Growth of market share is one such driver. It’s exemplified by Softcat, a corporate IT services provider that has benefited not only from companies’ increasing demand for technology but also from its focus on ‘softer’ factors such as employee satisfaction.
“There is a very high correlation in the business between salespeople’s tenure and their gross profit contribution,” says Anderson. In effect, the business’s focus on happy, long-serving staff is instrumental in its ability to increase market share.
He points to IMI plc as another example of the proactive approach to growth that MRC seeks out.
“IMI has been commercialising its business by concentrating on providing solutions that customers actually want, rather than those that engineers think might be useful,” he says. “If you create things that customers want, they tend to pay more for them and growth is stimulated, so that is another theme through the portfolio.”
Catalyst for change
Of course, the UK has been cheap for years; for as long as the UK market remains unloved, MRC’s attractively positioned portfolio capacity to deliver is restricted. So – the million-dollar question – what could trigger a rerating?

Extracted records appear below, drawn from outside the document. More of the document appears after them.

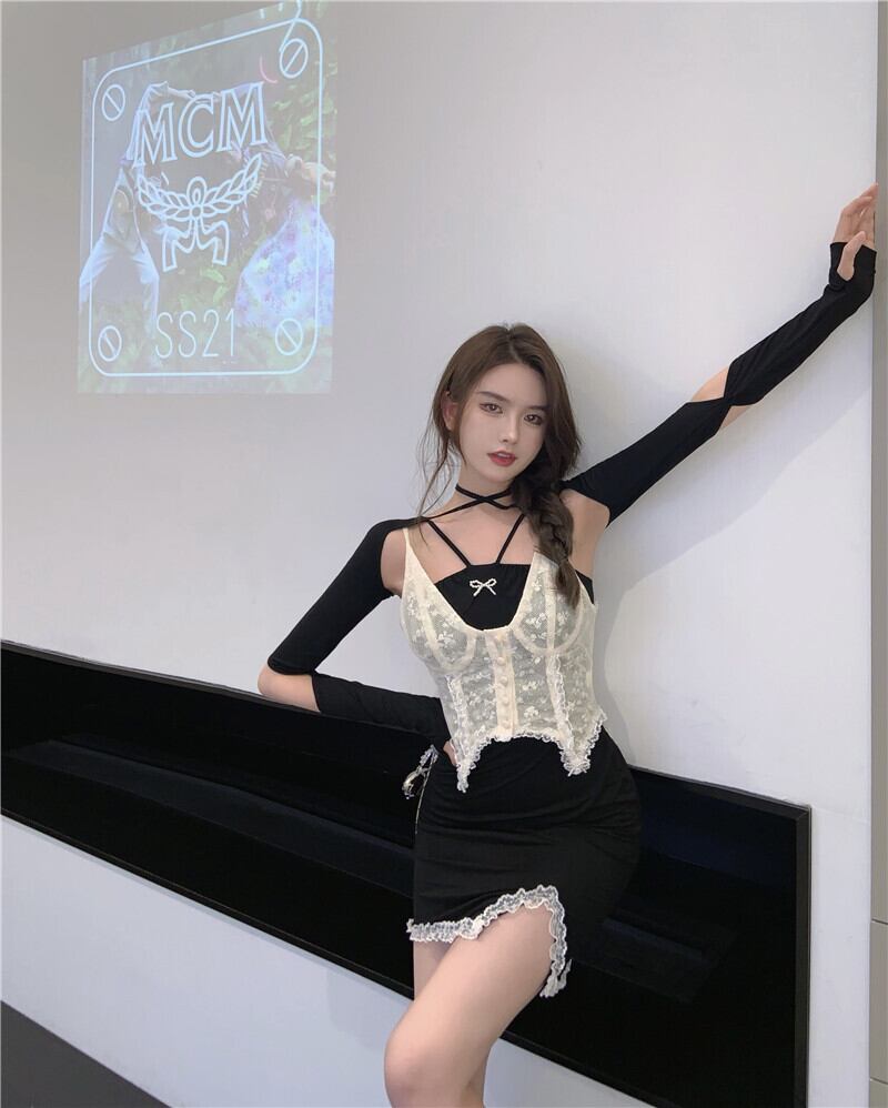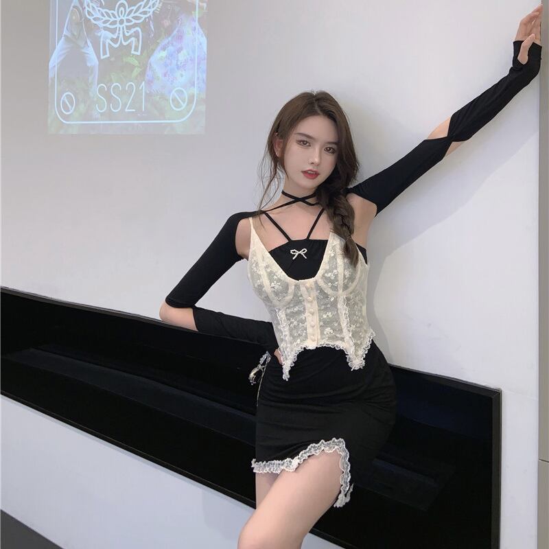 ドレス スタンダードリボンレーススカート サマーブラック レトロ ストリート 夏物 ステッチ 香港の味80221646834
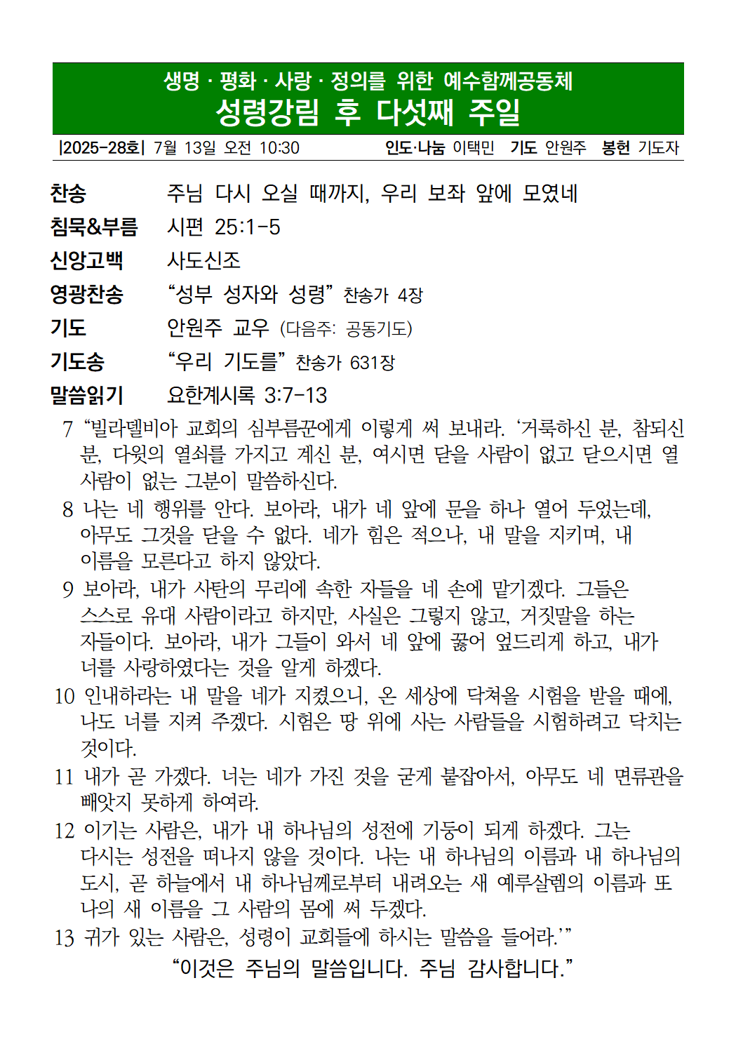 | [주보] 2025년 7월 6일 예수함께공동체 (0) | 2025.07.05 |
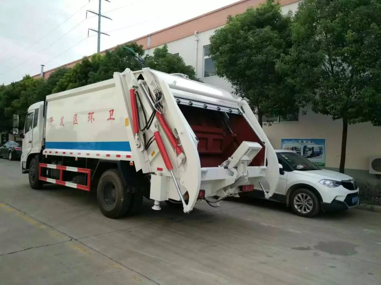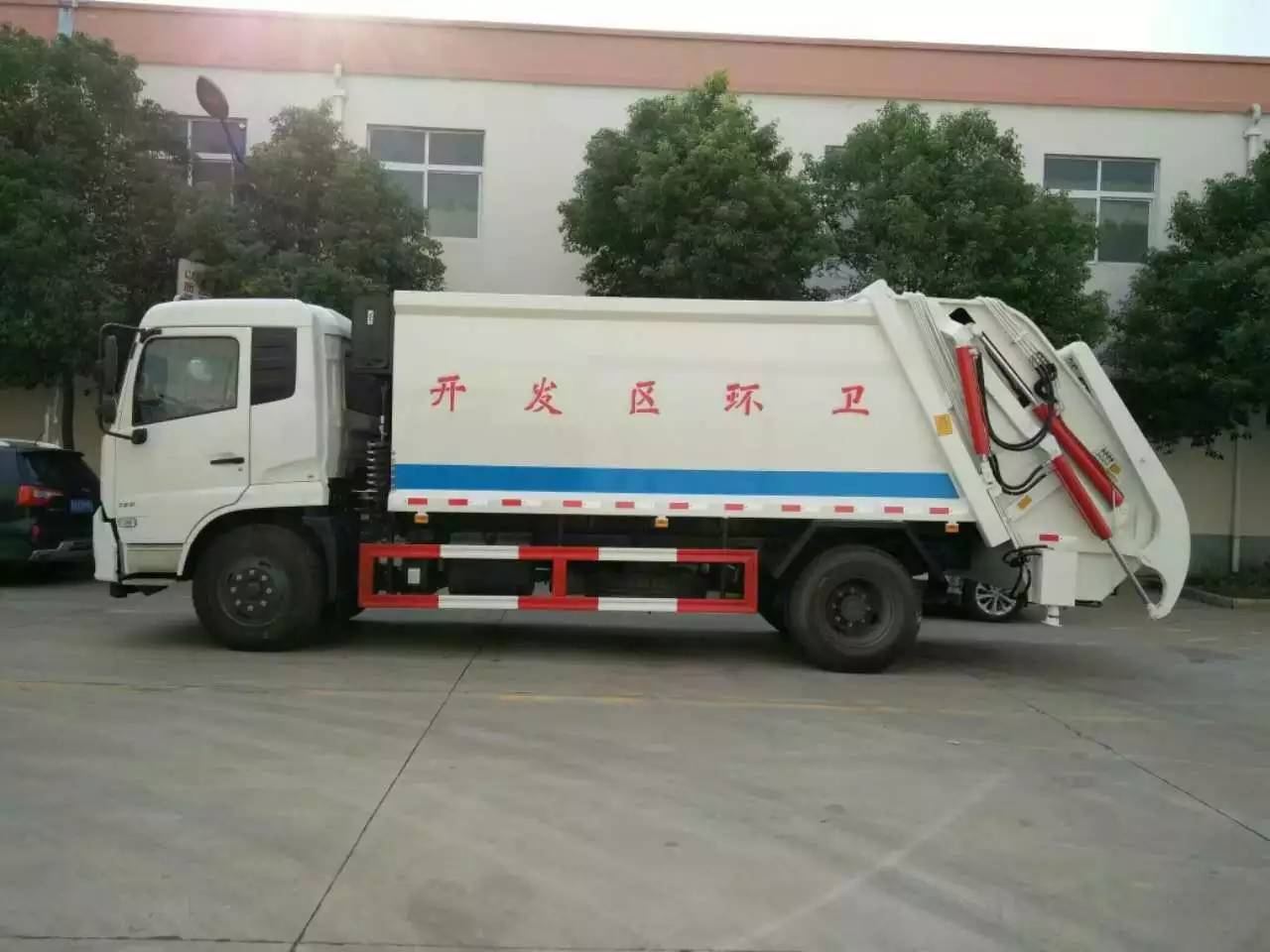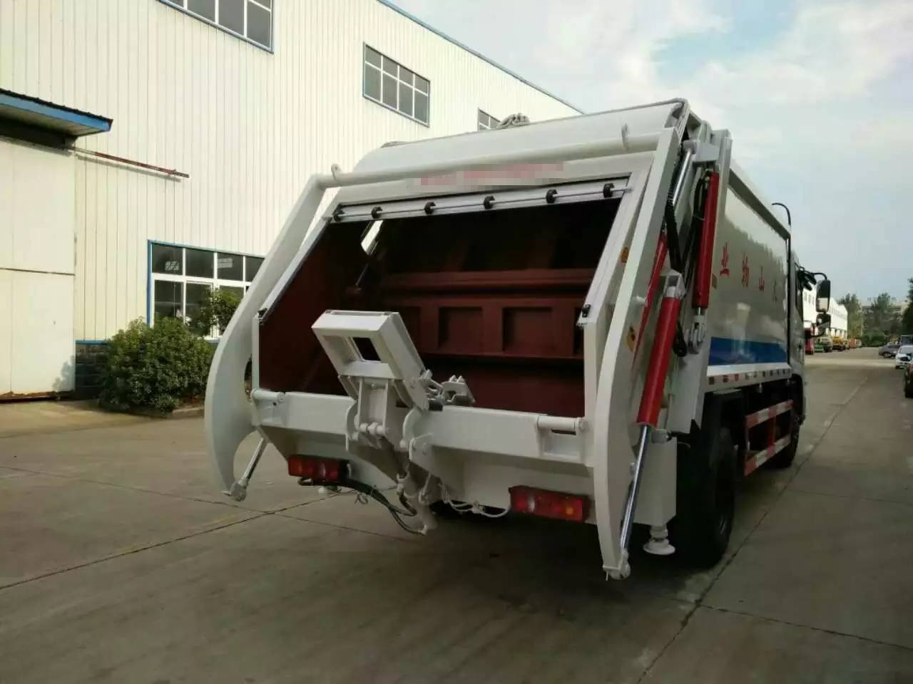 专用部分介绍上装部分由密封式垃圾厢、装填器、推铲、液压传动系统和电气控制系统组成。 工作原理及特点描述 整车为全密封型,采用电液一体化技术,借助机、电、液联合自动控制系统,通过车厢、填装器和推铲等专用装置,实现垃圾倒入、压碎或压扁、强力装填,把垃圾挤入车厢并压实和推卸。压缩过程中的污水全部进入污水厢,较为彻底的解决了垃圾运输过程中的二次污染的问题。

For Anderson, one step in the right direction would be an improvement in the UK’s “horrendously negative PR”. That would be helped by a break from the steady stream of “inflation and other exogenous factors that seem to hit us harder than other countries”.
But the real catalyst for change, he believes, will occur when company outcomes are better than the market’s negative expectations for them. Once that happens, expectations should improve, stimulating wider interest in investing in the UK market and setting up a virtuous circle of rising performance and demand. At which point, patient investors should finally see their rewards.